What to work on :: The first line of the listing opens the range and the line with "Os ciclistas rodaban" closes it; repeat those lines and all between them word for word, leaving out the pictures.

Material for the task ::
********************

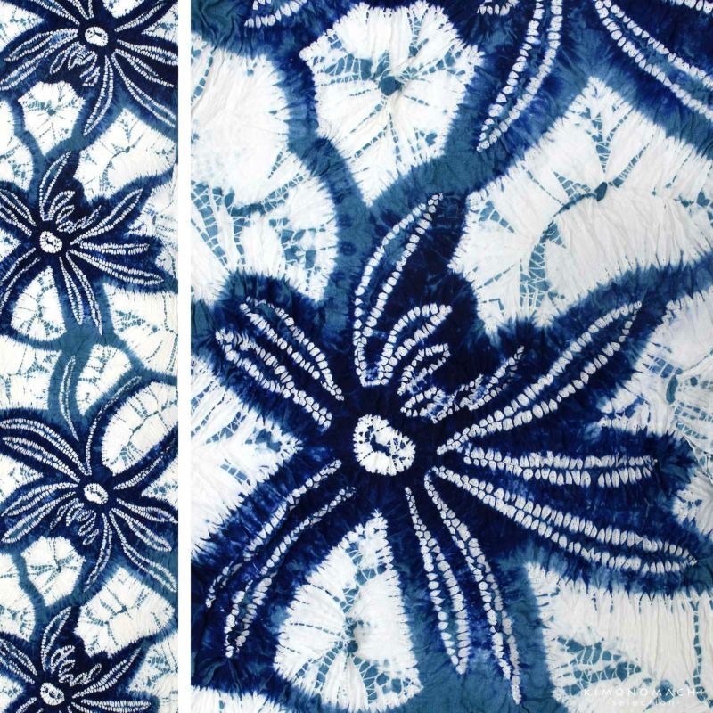 ※ひとつひとつ手作業で職人さんが括り(くくり)や染めなどをほどこし、製作しております。そのため、1点1点、若干ですが、色合い、絞りの大きさが異なります。また、染めのムラ等も絞りのあじとしてご堪能ください。
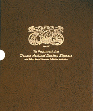 The Dansco Archival Quality Slipcase has been produced with Silver-Guard corrosion-inhibiting protection. The military specification material permanently neutralizes corrosive gases in the air that can cause toning and discolorating. This works with silver, gold, copper and nickel coins and medals, medallions, bars, and ferrous metals. This will not remove existing toning. Use this slipcase (Dansco model 6444) with 1-1/8 inch albums (containing six to seven pages).
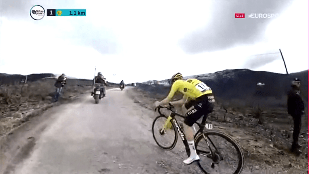 Os ciclistas rodaban por Rubiá con moito ritmo para coller o cruce para subir o Alto do Castelo, un cruce no que a colocación era vital debido a que se pasaba dunha estrada provincial a un camiño rural. O pelotón comezou a estirarse e quedaron só en cabeza Jonas Vigegaard e Atila Valter (Jumbo Visma), Ruben Guerreiro (Movistar) e Ion Izaguirre (Cofidis). Valter deixou de tirar polo seu compañeiro e comezou o espectáculo: Vingegaard atacaba e deixaba atrás primeiro a Izaguirre e despois a Guerreiro.
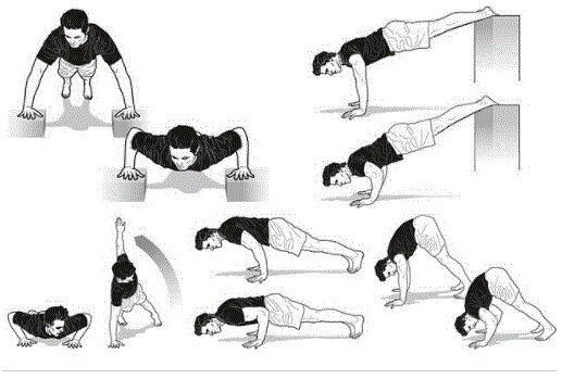 Убойный комплекс из отжиманий, забирай на стенку! 1)Коробки: качаем грудную клетку. Отжимание - дело полезное, но если усложнить задачу, ты сразу же почувствуешь прилив сил к торсу. Отожмись четырежды по 8-10 раз. Нет ничего проще? Тогда переходи к следующей стадии - положи перед собой на ширине плеч две невысокие коробки. Руки поставь на коробки, прими позицию, как для отжимания, руки полностью вертикальны. Опускайся всем телом между коробками, пока не почувствуешь растяжку грудной клетки. Закрепись на секундочку и можешь отжиматься обратно. 2)Т-отжимания. Следующее упражнение для верхней части пресса. Именно она отвечает за равновесие при отжиманиях на вытянутых руках. Отожмись в 4 подхода по 10 раз, уделив особое внимание тому, как ты это делаешь. Уже все получается? Едем дальше! Закрепись в позиции как для обычного отжимания и прижмись всем телом к полу, отожмись с силой и оторви одну из рук от пола. Закинь руку за плечо - у тебя из рук должна получиться прямая, а сам ты буд
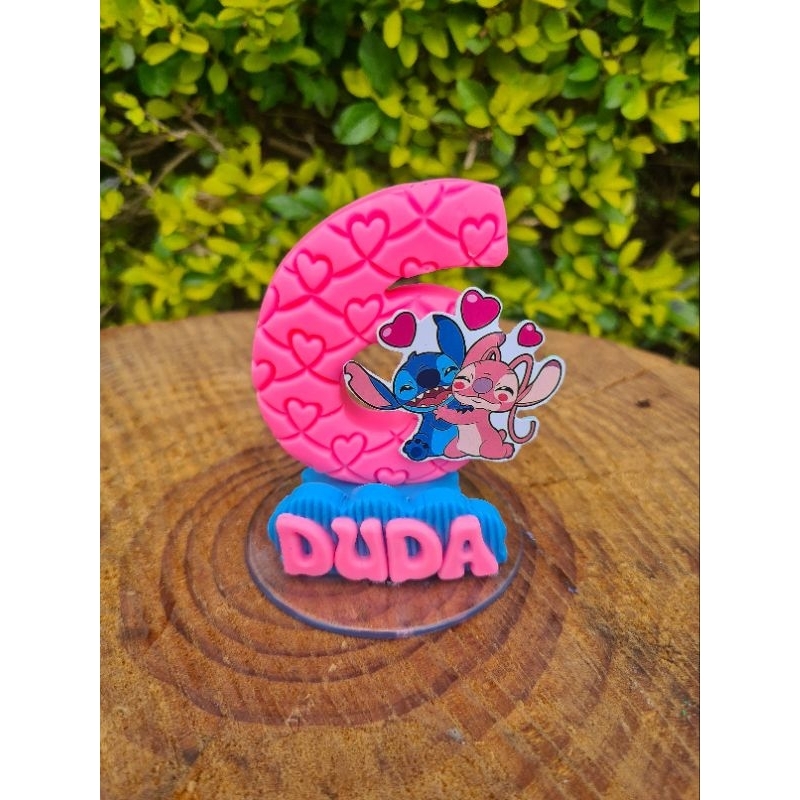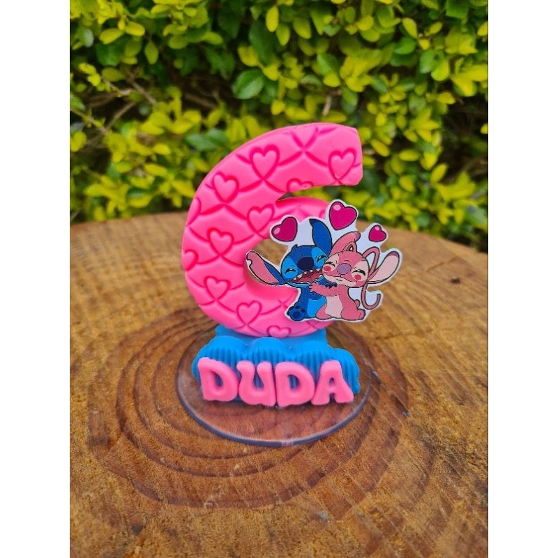 vela de aniversário Stitch e angel, personalizada, biscuit, topo de bolo com nome e pavio
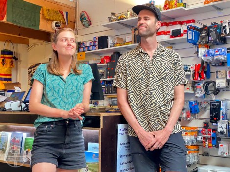Alee Denham in de winkel De Vakantiefietser in Amsterdam
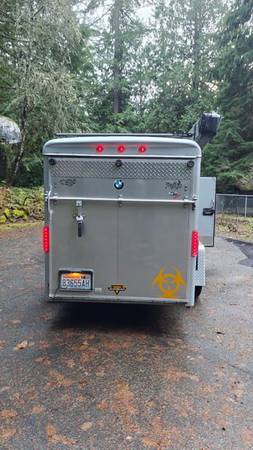 Motorcycle race trailer. Large 270 awning, solar, two victron solar controllers, 2000w inverter, heater, lithium battery, switch over for plug to 12v. Complete insulation, even underneath. Nice little toy hauler for two dirt bikes, two road racers, or one larger ADV. I’ve been using it to keep my enduros safe while in transport and sleeping in it in events. Can tow behind small trucks, very light.
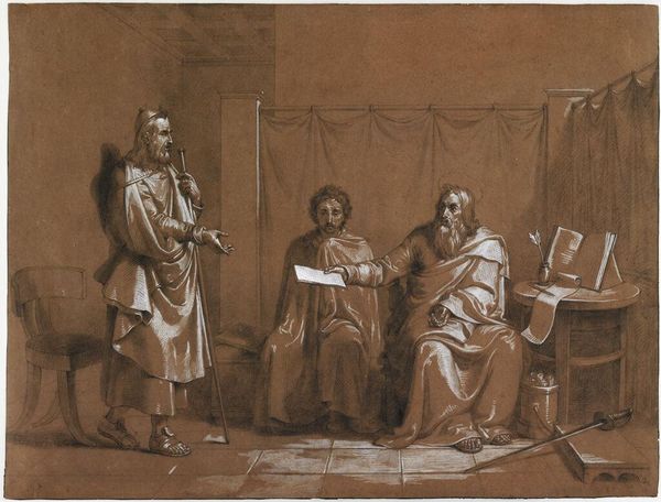 "Know Thy Self" by Benjamin West, now at the Brooklyn Museum, uses sepia ink and graphite to create an atmosphere steeped in classical antiquity. The composition, a semi-circular gathering of figures within a columned space, immediately evokes a sense of philosophical discourse. West masterfully uses light and shadow to guide our eyes, from the enlightened faces of the sages to the stoic bust in the background. The linear architecture, rendered with precise strokes, frames the organic arrangement of figures, creating a visual dialogue between order and dynamism. This interplay isn't merely aesthetic; it's a semiotic device. The balanced asymmetry hints at the complexities of self-knowledge, a theme central to classical philosophy. By positioning the figures in various states of contemplation, West seems to suggest that understanding oneself is an active, multifaceted process. The sepia tones further serve to distance us, reinforcing the timeless relevance of introspection. Consider how West uses line and form to explore the tension between individual thought and collective wisdom. The drawing thus becomes a powerful meditation on the pursuit of truth, inviting us to reflect on our own quests for self-understanding.
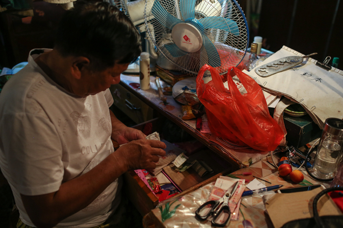 △ 负责售票的朱明田在整理当天的票款。由于经费紧张,他处处都得精打细算。
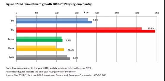 2019年的研發(fā)支出增長(zhǎng)速度,美國(guó)10.8%,歐盟5.6%,中國(guó)21%,日本1.8%,RoW(全球其他國(guó)家)增長(zhǎng)6.0%。

********************

Task output ::
 ※ひとつひとつ手作業で職人さんが括り(くくり)や染めなどをほどこし、製作しております。そのため、1点1点、若干ですが、色合い、絞りの大きさが異なります。また、染めのムラ等も絞りのあじとしてご堪能ください。
 The Dansco Archival Quality Slipcase has been produced with Silver-Guard corrosion-inhibiting protection. The military specification material permanently neutralizes corrosive gases in the air that can cause toning and discolorating. This works with silver, gold, copper and nickel coins and medals, medallions, bars, and ferrous metals. This will not remove existing toning. Use this slipcase (Dansco model 6444) with 1-1/8 inch albums (containing six to seven pages).
 Os ciclistas rodaban por Rubiá con moito ritmo para coller o cruce para subir o Alto do Castelo, un cruce no que a colocación era vital debido a que se pasaba dunha estrada provincial a un camiño rural. O pelotón comezou a estirarse e quedaron só en cabeza Jonas Vigegaard e Atila Valter (Jumbo Visma), Ruben Guerreiro (Movistar) e Ion Izaguirre (Cofidis). Valter deixou de tirar polo seu compañeiro e comezou o espectáculo: Vingegaard atacaba e deixaba atrás primeiro a Izaguirre e despois a Guerreiro.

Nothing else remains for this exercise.